Por esta razão, as indulgências que dominaram a economia política europeia ao longo da era neoliberal – multilateralismo, política de concorrência, reforma do lado da oferta – estão ficando para trás. Um mundo de “interdependência armada”, como dizem os cientistas políticos Henry Farrell e Abraham Newman, valoriza a capacidade estratégica, o poder do Estado e a escala. Para o capital europeu, o que é necessário é um novo quadro para a integração da UE, capaz de garantir a posição do bloco comercial no centro da economia mundial. Como disse uma declaração conjunta de 2019 dos governos francês e alemão, a escolha é “unir nossas forças ou permitir que nossa base industrial e capacidade desapareçam gradualmente”.

A Lei dos Chips da UE, com a sua ambição de criar um quadro pan-europeu capaz de competir com os EUA e a China, é uma expressão desta lógica de “unificar ou morrer”. Contudo, ela aspira a um tipo peculiar de unificação. A UE, naturalmente, ainda está muito fragmentada. O seu orçamento continua sendo um irrisório 1% do PIB total do bloco, o que significa que não há recursos suficientes em escala supranacional para apoiar uma política industrial expansiva em todo o continente. Reunir recursos, com efeito, significa criar as condições para que os clusters industriais já existentes e os Estados com poder de fogo fiscal consolidem ainda mais as suas posições dominantes. A convergência em torno de uma política industrial comum da UE ameaça acelerar a divergência entre os Estados-Membros. Desde que a UE relaxou suas restrições, a Alemanha respondeu por impressionantes 53% do total de 672 bilhões de euros emitidos em auxílios estatais. A Alemanha também beneficiou de novos quadros pan-europeus destinados a apoiar setores estratégicos, absorvendo metade dos auxílios estatais associados aos “projetos importantes de interesse europeu comum” em microeletrônica.
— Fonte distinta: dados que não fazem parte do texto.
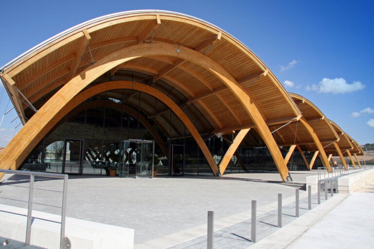Клееный брус можно использовать как длиннопролетный материал. Его можно предварительно изготовить с помощью металлических соединителей в фермы, охватывающие до 45 метров (150 футов). Однако наиболее экономичными формами являются сжатые формы многоарочного свода с пролетами до 93 метров (305 футов) и ребристые купола с пролетами до 107 метров (350 футов). Они часто используются в качестве промышленных хранилищ для таких материалов, как глинозем, соль и калий, которые вызывают коррозию стали или бетона. Такие деревянные конструкции обычно встречаются только возле лесных массивов; транспортировка пиломатериалов в другие районы увеличивает их стоимость. Стальные конструкции Сталь - основной материал для длиннопролетных конструкций. Изгибные конструкции, изначально разработанные для мостов, такие как плоские балки и фермы, используются в длиннопролетных зданиях. Пластинчатые балки сварены из стальных листов, чтобы сделать двутавровые балки глубже, чем стандартные прокатные профили, и котор

Na esteira da crise da zona do euro, surgiu uma clivagem entre o núcleo norte da Europa, liderado pelas exportações, e sua periferia sul, liderada pela dívida. As elites tinham prometido que a integração europeia apoiaria a convergência ascendente do desempenho econômico entre os Estados-Membros. Mas sob o euro, com as suas regras rigorosas em matéria de dívida e défice e a falta de mecanismos de transferência orçamental, tornou-se claro que a integração estava a produzir precisamente o contrário. A indústria alemã cresceu enquanto os Estados devedores do sul da zona do euro sofriam a penúria da austeridade permanente. Hoje, as condições que permitiram esse surto de dinamismo liderado pelas exportações estão se desfazendo, com implicações deletérias para o capitalismo alemão. Mas a resposta da UE – uma nova política industrial pan-europeia, que permita um intervencionismo estatal mais musculado – representa uma tentativa de reforçar o núcleo industrial da Europa.

Os mitos que impulsionaram a globalização neoliberal foram agora estilhaçados pela batalha sobre semicondutores e outros setores estratégicos. As regras, que antes eram rigidamente aplicadas, estão sendo contornadas para permitir novas ondas de intervencionismo estatal. As «condições equitativas» do mercado único estão sendo contornadas para reforçar frações dominantes do capital europeu. Entretanto, novos mitos estão sendo forjados: uma união cada vez mais integrada e autônoma, unida pelo desafio colocado pela China e pela Rússia. À medida que os formuladores de políticas da UE se mobilizam contra seus rivais externos, as divisões internas do bloco – entre o núcleo industrial e a periferia subdesenvolvida – continuam a aumentar.